The initial reaction to the bill was that most buildings with non-unionized staffs would raise their pay to prevailing-wage levels in order to keep the tax abatement, which ranges from 17.5% to 28%, depending on the average assessed value of units in the building. But when Steven Hoffman, co-president of Hoffman Management, crunched the numbers at a 60-unit co-op he manages on the Upper East Side, he came to the opposite conclusion.
“It depends on the makeup of the building,” Hoffman says, noting that the abatement, crucially, is available only to shareholders and unit-owners who use the apartment as their primary residence. “In this building, there’s a large percentage of shareholders who are not primary residents. You don’t have to be good at math to figure this one out.”

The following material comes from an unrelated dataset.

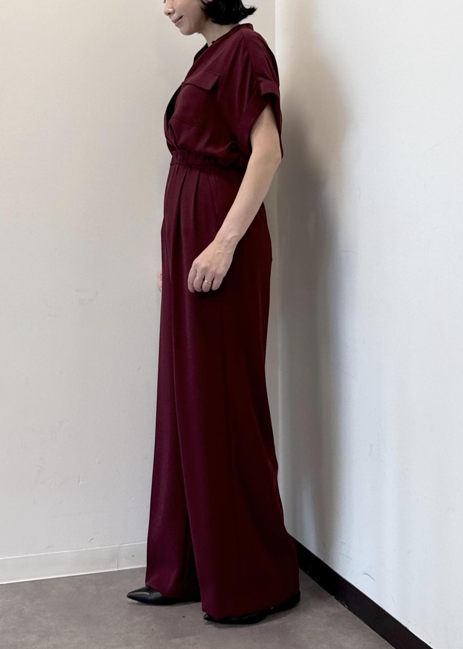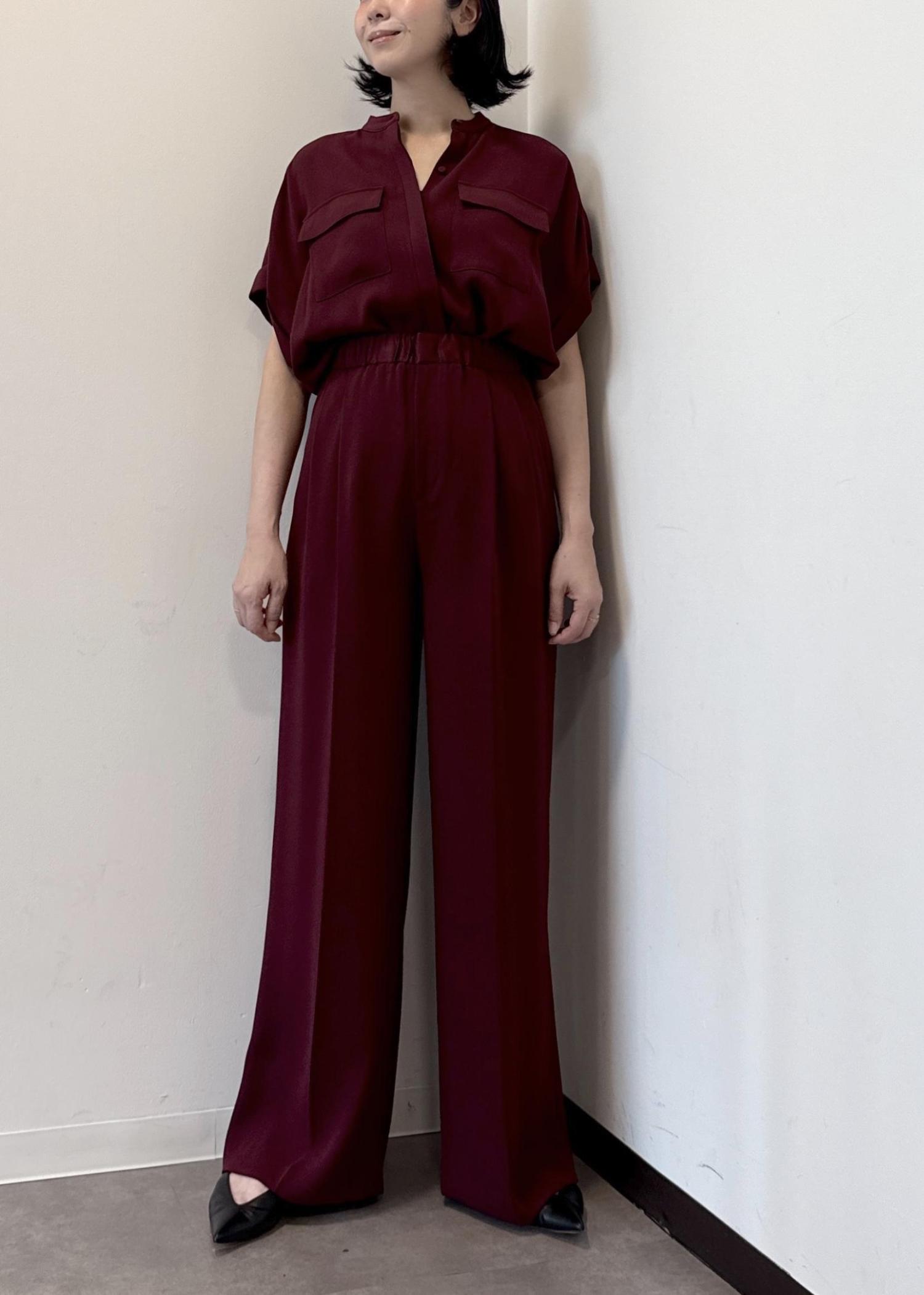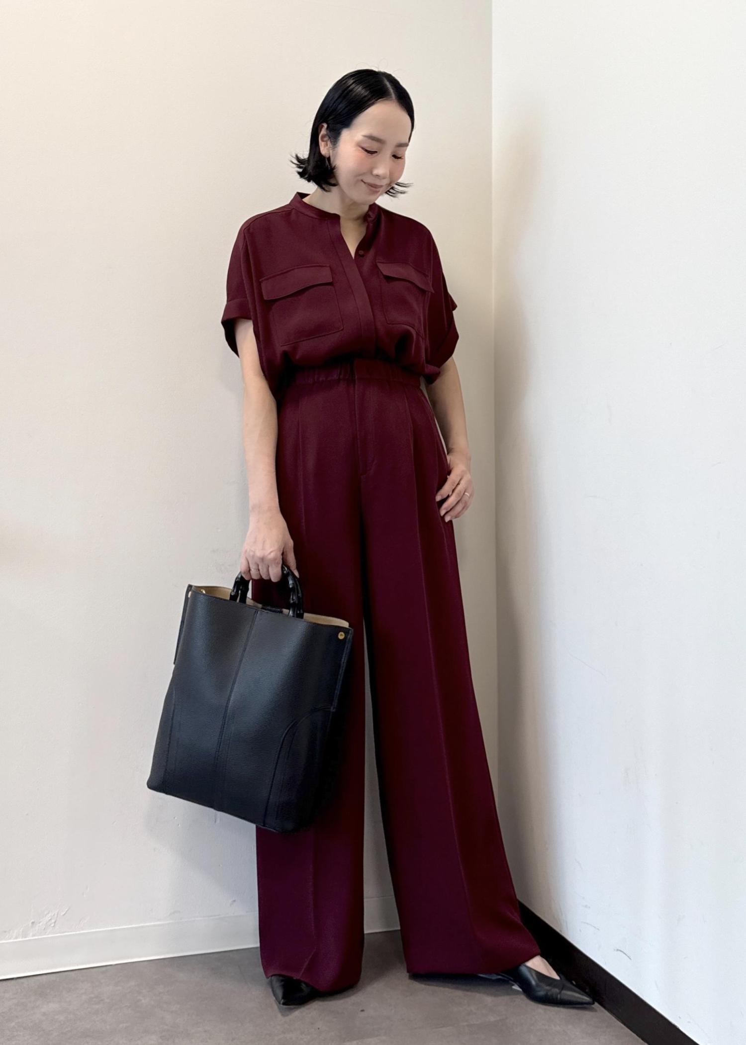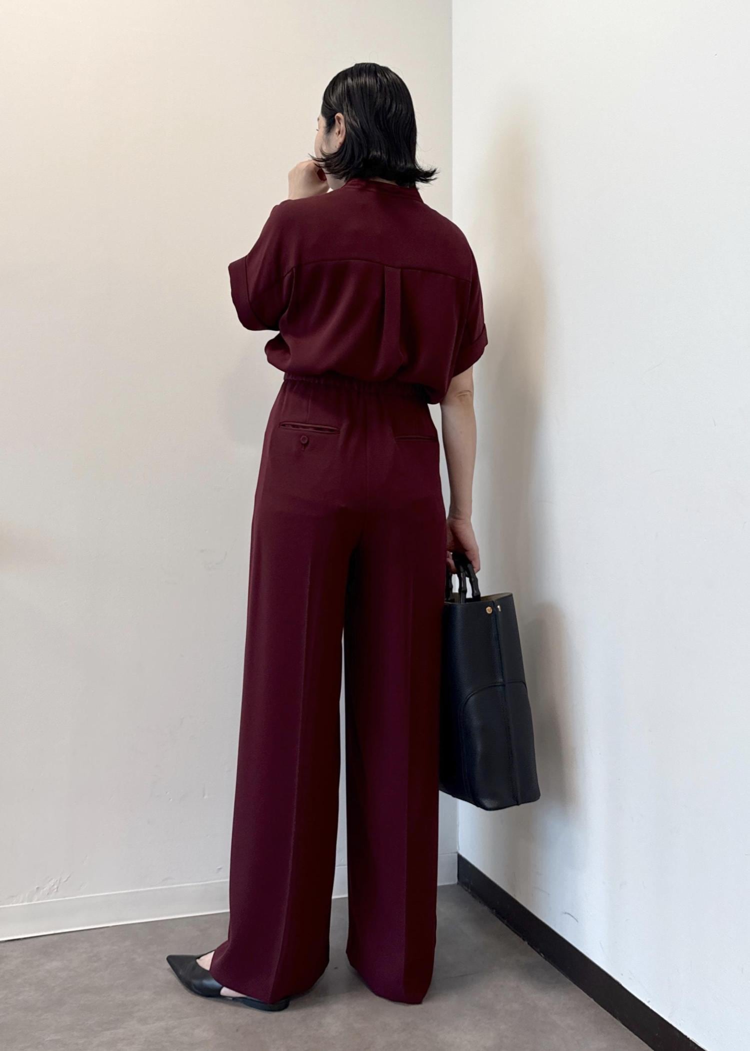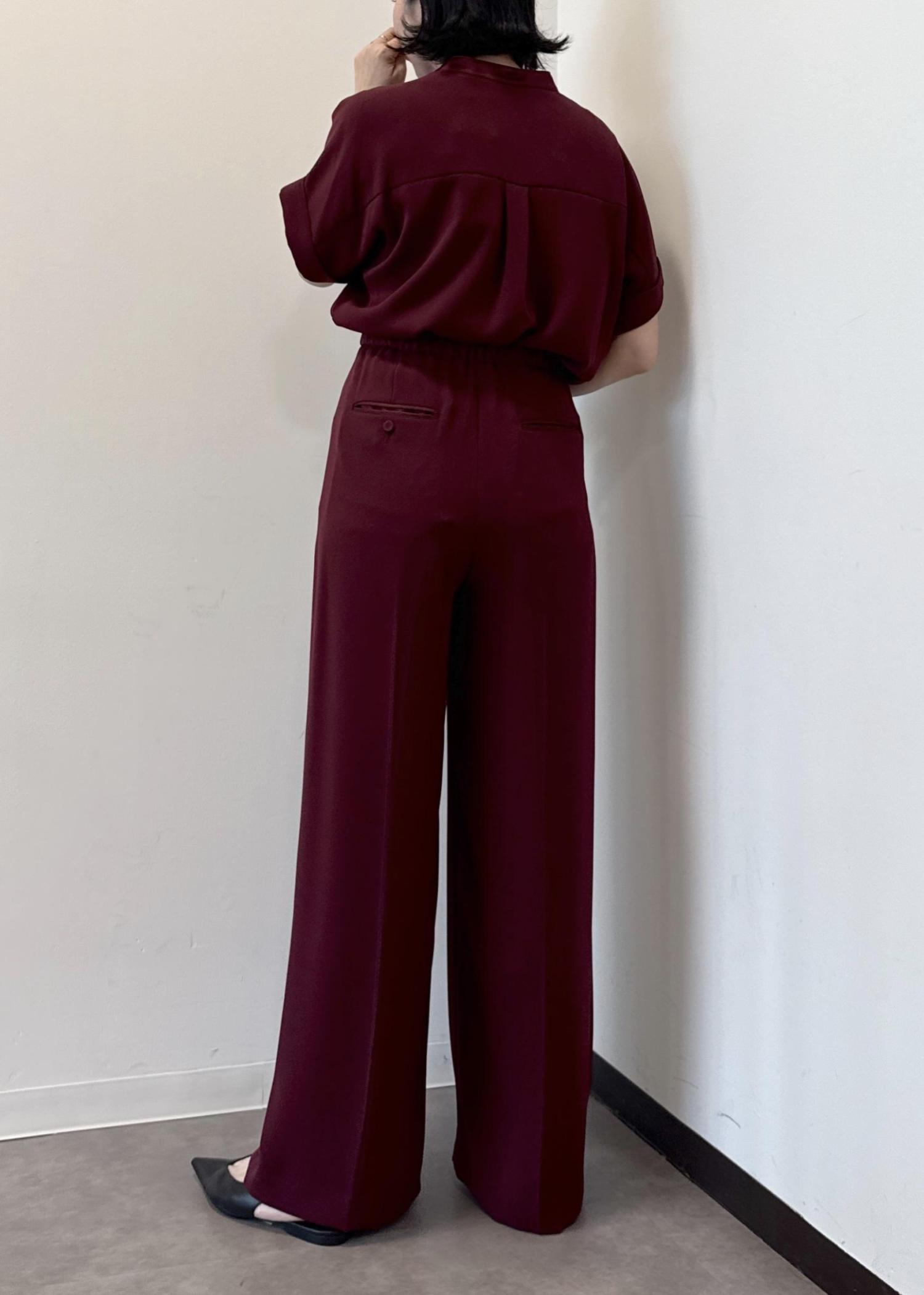 ROPÉ【洗える・カセット服】ライトトリアセイージーワイドパンツ/お仕事・通勤・セットアップ対応ワイン / 38¥25,300レビュー162㎝ 38サイズ着用

The building has five employees, three non-union, who earn a total of $372,000. (Buildings with unionized staffs will not be affected by the new law.) Paying the three non-union employees the prevailing wage, according to Hoffman’s calculations, would boost the payroll to $531,000. Since so many of the shareholders are not primary residents, the co-op corporation gets a relatively modest $75,000 abatement on its property tax bill – not nearly enough to cover the $159,000 in increased wages and benefits. The co-op board, wisely, is going to forfeit the abatement, the lesser of two evils.
Which leads Hoffman to deliver a prediction and a bit of advice: “Some boards are going to massage work schedules to try to reduce payroll, or they might eliminate an employee to make the calculation more favorable. Boards need to examine the overall impact on every resident – not just the ones getting the abatement. And if it’s a building with a lot of employees, you’ve got to see how that affects the math. I don’t think boards should have a knee-jerk reaction.”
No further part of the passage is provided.